- Decades:: 1940s; 1950s; 1960s; 1970s; 1980s;
- See also:: Other events of 1964; Timeline of Singaporean history;

= 1964 in Singapore =

The following lists events that happened during 1964 in Singapore.
- Singapore was still part of the Federation of Malaysia

==Incumbents==
- Yang di-Pertuan Negara – Yusof Ishak
- Prime Minister – Lee Kuan Yew

==Events==
===January===
- 1 January – The Singapore Tourism Promotion Board (present day Singapore Tourism Board) is formed to promote Singapore as a destination for visitors.
- 20 January – Cold Storage's new carbon dioxide factory is officially opened, which is required for dry ice and carbonated drinks.

===February===
- 12 February – The Housing and Development Board launches a new scheme known as the Home Ownership for the People Scheme. This enabled Singaporeans to buy flats for a lease of 99 years.

===March===
- 1 March – The People's Action Party decides to send in candidates for the 1964 Malaysian general election, which is held on 25 April. The decision caused an outroar in Kuala Lumpur. It only won the Bangsar seat.
- 31 March – The Khong Guan Flour Milling factory is officially opened, making it the first flour mill in Singapore. This will allow biscuit companies and bakeries to rely on locally produced flour instead of imported flour.

===April===
- 1 April – The Port of Singapore Authority is formed, taking over the previous Singapore Harbour Board and the Master Attendant.
- 24 April – The Singapore Tourism Promotion Board adopts the Merlion as its new emblem.

===May===
- 20 May – The Singapore Tourism Promotion Board's new office is officially opened.

===July===
- 21 July – The 1964 racial riots occurred between Malays and Chinese, during a birthday celebration procession of Muhammad. By the end of the riots, 23 people are killed, with 454 others injured.

===August===
- 13 August – After a series of blasts caused by the Confrontation, a sea curfew is imposed so as to prevent saboteurs from setting into Singapore, resulting in fishermen not being able to fish at night.

===September===
- 2 September – The second racial riot occurred between Malays and Chinese after the murder of a Malay Trishaw rider. By the time the riots ended, 13 people are killed, with 106 injured.

===October===
- 31 October – Malaysia Dairy Industries new factory is officially opened to produce condensed milk locally.
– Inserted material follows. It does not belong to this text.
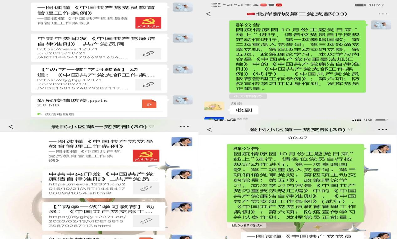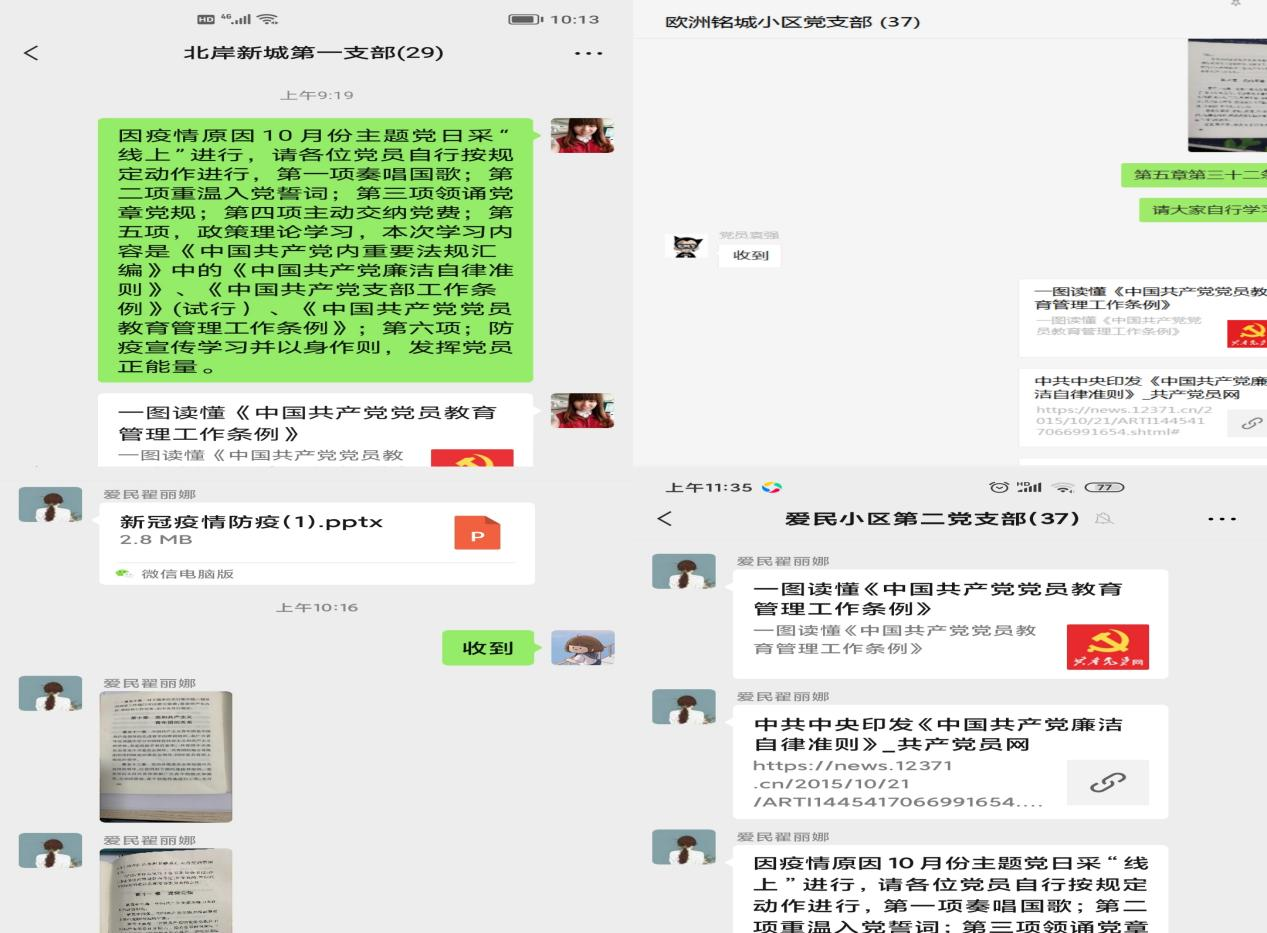在疫情防控的特殊时期,爱民佳苑社区党委结合实际,下发了10月份主题党日活动安排,动员下设的5个党支部充分利用微信群、QQ群、网络视频会议等平台,开展“线上”主题党日活动。

It has since branched into fruit juices and other dairy products.

===November===
- 28 November – The Singapore Institute of Management is registered as Singapore's first management institute. It aims to create a pool of industrial managers for the newly built factories, which are important for Singapore's economy.

===December===
- December – Work starts on Toa Payoh, which will house 250,000 people when completed.
- 4–21 December – The first sports festival, Pesta Sukan, is held in Singapore.

==Births==
- 20 March – Liang Eng Hwa, PAP MP for Bukit Panjang SMC.
- 29 March – Grace Fu, current Minister of Sustainability and the Environment.
- 26 April – Nicky Moey, writer.
- 24 May – Arthur Fong, banker and former PAP MP for West Coast GRC.
- 27 May – Zheng Geping, actor, executive producer and businessman.
- 6 June – Junie Sng, Olympic swimmer
- 22 August – Kelvin Tan, musician, writer and lecturer.
- 25 August – Azmin Ali, Malaysian politician.
- 7 November – Li Nanxing, actor.
- 17 November – Lim Tean, lawyer and 1st Secretary-General of the People's Alliance for Reform.
- 20 November – Ong Keng Sen, artistic director of TheatreWorks.
- 24 December – Tan See Leng, current Minister for Manpower.

===Dates unknown===
- Sabri Buang, writer, theatre director.
- Philip Jeyaretnam, counsel, writer.
- Liang Wern Fook, Chinese literature pioneer.

==Deaths==
- 24 January – Lee Wee Nam, entrepreneur and Teochew community leader (b. 1881).
- 20 March – Patrick McKerron, 1st Colonial Secretary of Singapore (b. 1896).
- 21 April – Chew Hean Swee, Chinese community leader, businessman and a close associate of Sun Yat-sen (b. 1887).
- 20 June – Loke Wan Tho, founder of Cathay Organisation (b. 1915).
- 1 July – Awang Bakar, footballer (b. 1936).
- 16 November – Lim Seow Beng, lawyer (b. 1926).